As we can see, the value is **45.50**. In our case, this is highly significant ($p=0.0002$; see `p-value`).
* The **prediction interval** can be found next to `Prediction interval`. As we can see, the 95% interval ranges from **g=-0.21** to **1.40**.
How can we interpret the values of this example analysis? Well, all three of our indicators suggest that **moderate to substantial heterogeneity is present in our data**. Given the **broad prediction interval**, which stretches well below zero, we also cannot be overly confident that the positive effect we found for our interventions is robust in every context. It might be very well possible that the intervention does not yield positive effects in some future scenarios; even a small negative effect might be possible based on the evidence the meta-analysis gives us.
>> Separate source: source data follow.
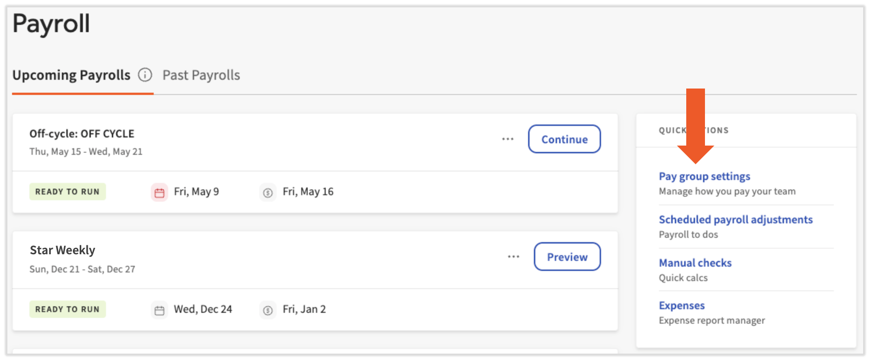 Note: If you turn on auto payroll for an eligible pay group while the payroll is open (the button on the Pay Cycle Dashboard will read Continue rather than Preview) or while the payroll has a Past due alert, auto payroll will begin with the next eligible payroll and will not be enabled for the current payroll.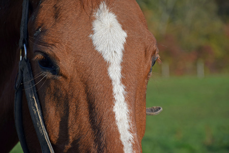 Brown horse standing in snow covered field, blurred trees background, detail on head.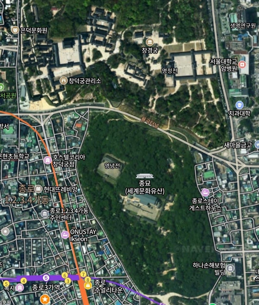 종묘 정전 뒤에는 창경궁이 있다.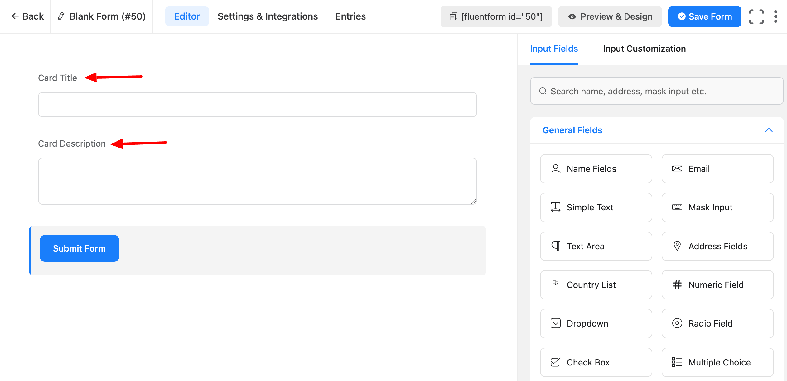 • Now, let’s create a form with Fluent Forms. Where a Simple Text field is used as a Card Title & Text Area field as Card Description. Take a look at the screenshot below-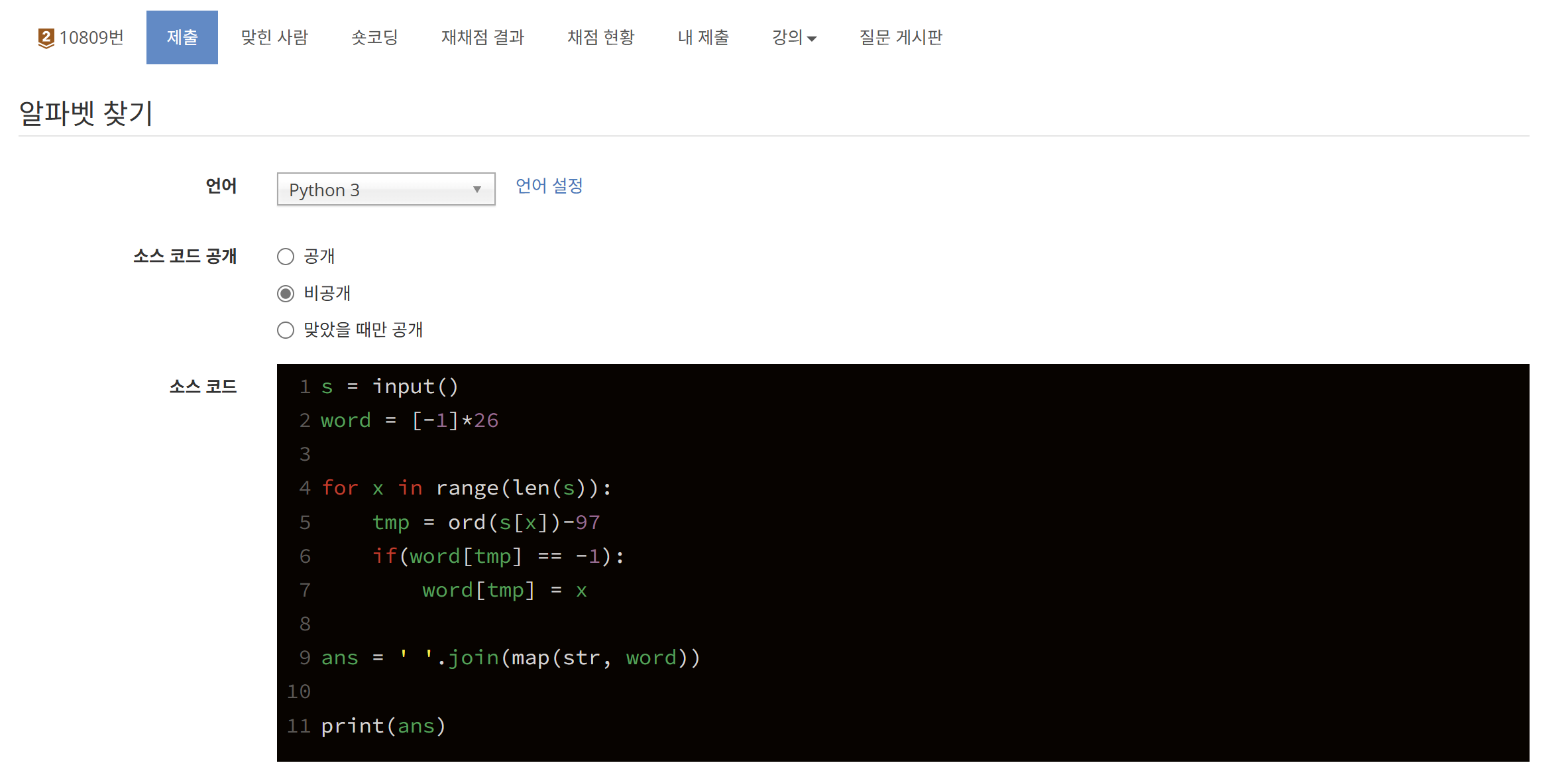 알파벳 소문자라 97을 빼줬음 (a=97이라 빼면 숫자 0)

Very high effect sizes, on the other hand, are possible too.
<br><br>
**When the measures are not displayed in my output**
Depending on how you changed the settings of the `metagen`, `metabin`, or `metacont`, it is possible that some of the measures are not displayed in your output. That's not a big deal, because all measures are stored in the object, no matter if they are immediately displayed or not.
To directly access one of the measures, we can use the `$` operator again (see [Chapter 3.3.1](#convertfactors)). We use this **in combination with our meta-analysis output object** to define which measure we want to see.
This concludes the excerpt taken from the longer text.